Since God’s gift of our sexuality is about babies and bonding, the Church teaches that it is sinful to take steps to prevent new life through contraception. This was the position of every Christian church until 1930, when the Anglican Church in England approved contraception, but only for married couples “where there is a morally sound reason for avoiding complete abstinence.”
That view quickly spread to America and was approved by the Protestant Federal Council of Churches, which at the same time conceded that “serious evils, such as extramarital relations, might be increased by general knowledge of contraceptives.”
Even The Washington Post, a secular journal, editorialized on March 22, 1931, that the use of contraception “would sound the death knell of marriage as a holy institution by establishing degrading practices which would encourage indiscriminate immorality.”
Every Pope since then and the Second Vatican Council (1962-1965) have opposed contraception as a legitimate way of preventing births. In his famous and widely ridiculed encyclical Humanae Vitae, Pope Paul VI predicted in 1968 that if contraception became widespread, four things would happen. He said that there would be less faithfulness in marriage, a general lowering of morality among young people, a loss of respect for women, and government use of this “dangerous weapon” to control population.
Is there any doubt that all these things have come true, even to the point of the government trying today to force Catholic institutions to pay for contraception and abortion-causing devices?
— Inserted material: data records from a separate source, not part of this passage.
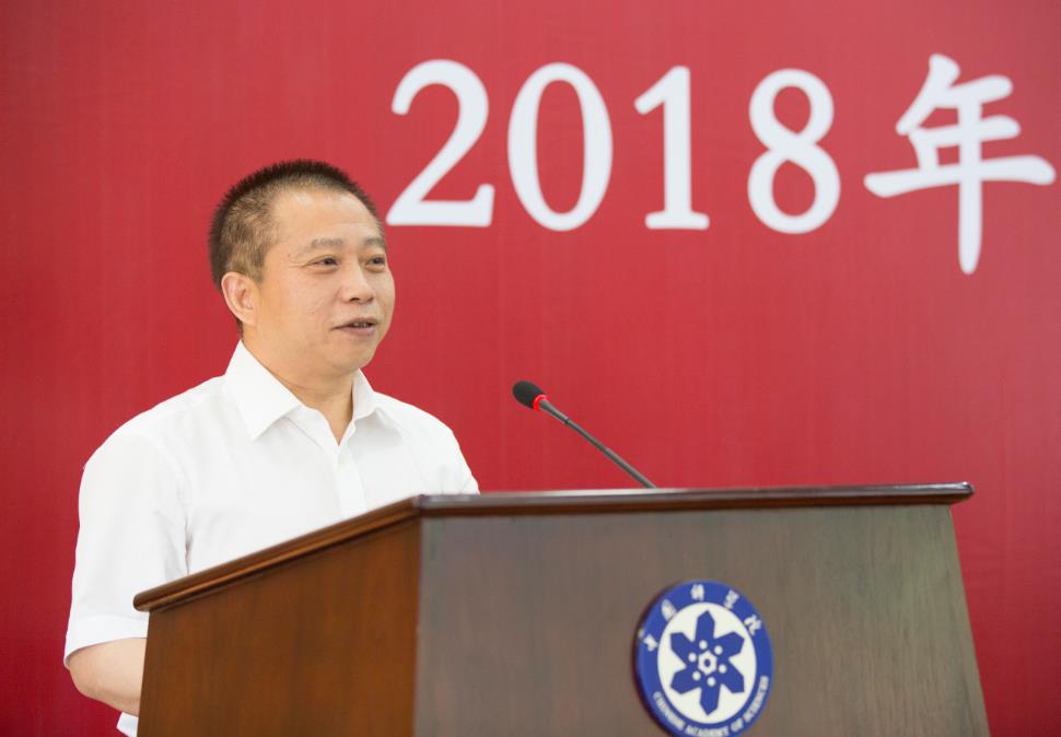 咸漠研究員代表研究所的老師們向畢業(yè)生表示祝賀,對研究生的工作給予充分肯定,感謝他們?yōu)榭茖W研究做出的貢獻,同時送上了誠摯的祝福和期待。期望畢業(yè)生們帶著祝福和期盼在未來更廣闊的舞臺上大放異彩,能成為把簡單事情重復做好的專家,把重復事情用心做好的人生贏家。并希望他們有雄心、有夢想、多思考、有膽識、能擔當,為國家,為民族,為集體,為明天,華山論劍,縱橫天地,實現(xiàn)人生夢想。
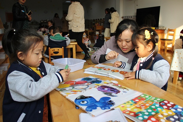 分享过后,姐妹园的老师们纷纷走进各班阅读区,近距离观摩区域环境及幼儿的游戏现场。老师们屡屡驻足,用相机定格孩子们的活动瞬间。今天的观摩现场,就是一个资源分享场,经验交流场,大家基于对幼儿游戏的观察,去共同检验调整的成效。
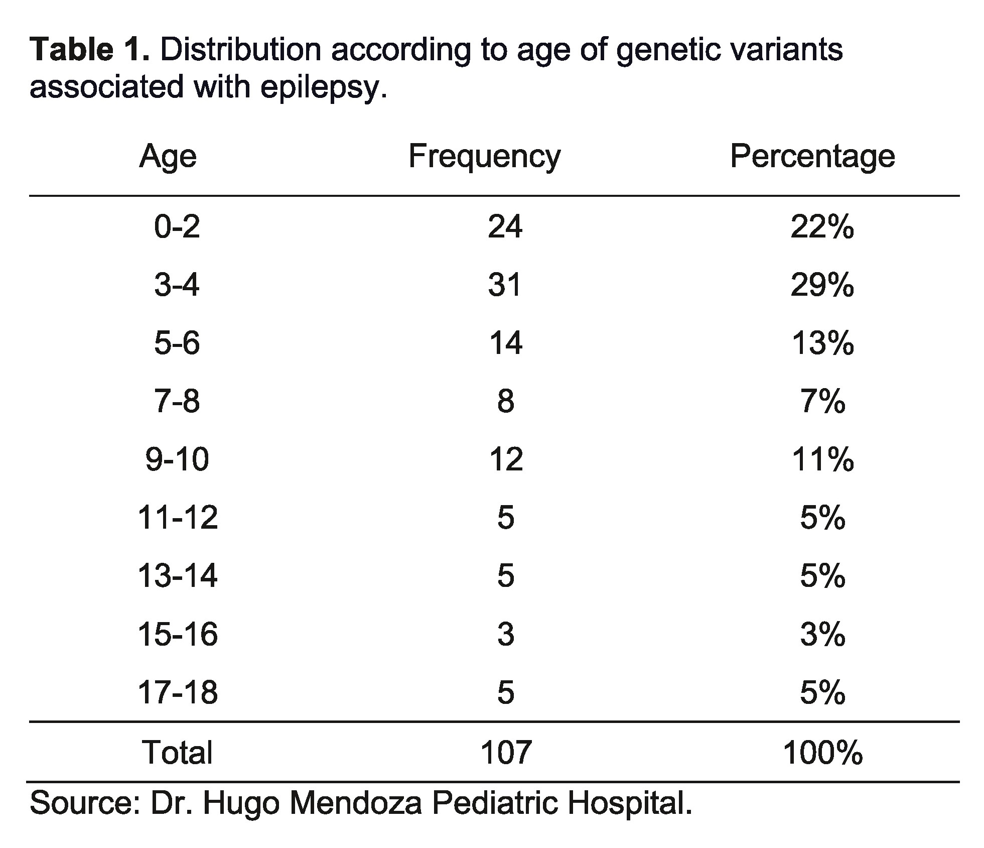 A descriptive, cross-sectional study was conducted with retrospective collection of information to determine the frequency of genetic variants associated with epilepsy in patients at the Dr. Hugo Mendoza Pediatric Hospital in the Villa Mella sector, Santo Domingo City, Dominican Republic. The study period covered from August 2018 to August 2021.

When God’s plan is ignored, bad things happen.
Once contraception is accepted, and the life-giving purpose of sexuality is cast aside, then any kind of sexual behavior is allowed, including that between persons of the same sex. But we know that two men or two women cannot be “fertile and multiply” or “become one body,” as God intended, so same-sex relationships are contrary to His plan. Nor can persons of the same sex call their union “marriage” since God said that marriage involves one man and one woman wedded to each other for life. You can call an elephant a canary, but that doesn’t make him a canary. Nor does calling the relationship of two men or two women “marriage” make it marriage.
This is a difficult point to get across, to children as well as adults, because people today base their moral decisions on feelings, not on truth or on how God wants us to live. But the job of a catechist is to present what God teaches, in a sensitive and compassionate way, of course, always distinguishing between the sinner, who is loved by God, and the sin, which is not loved by God. It’s a difficult tightrope to walk since we sound so out of touch with the world around us. But if our students don’t hear the truth from us, where will they hear it?
As for resources with short answers, there is the Youth Catechism of the Catholic Church (known as YOUCAT) and two short books by Pam Stenzel, a nationally known speaker on chastity — Nobody Told Me and Who’s in Your Social Network? Both books feature e-mail exchanges between Stenzel and young people with many questions.
There are also some good books and videos by Jason and Crystalina Evert, and they have a web site (chastityproject.com) that contains commentaries in writing and on videos on such topics as dating, how far is too far, pornography, homosexuality, birth control, STDs, starting over, how to stay pure, and vocations and spirituality. There is much valuable information on this web site that will help catechists teach these important subjects, but the catechist will still have to determine what material is suitable for a particular age group and what the best way would be to present it.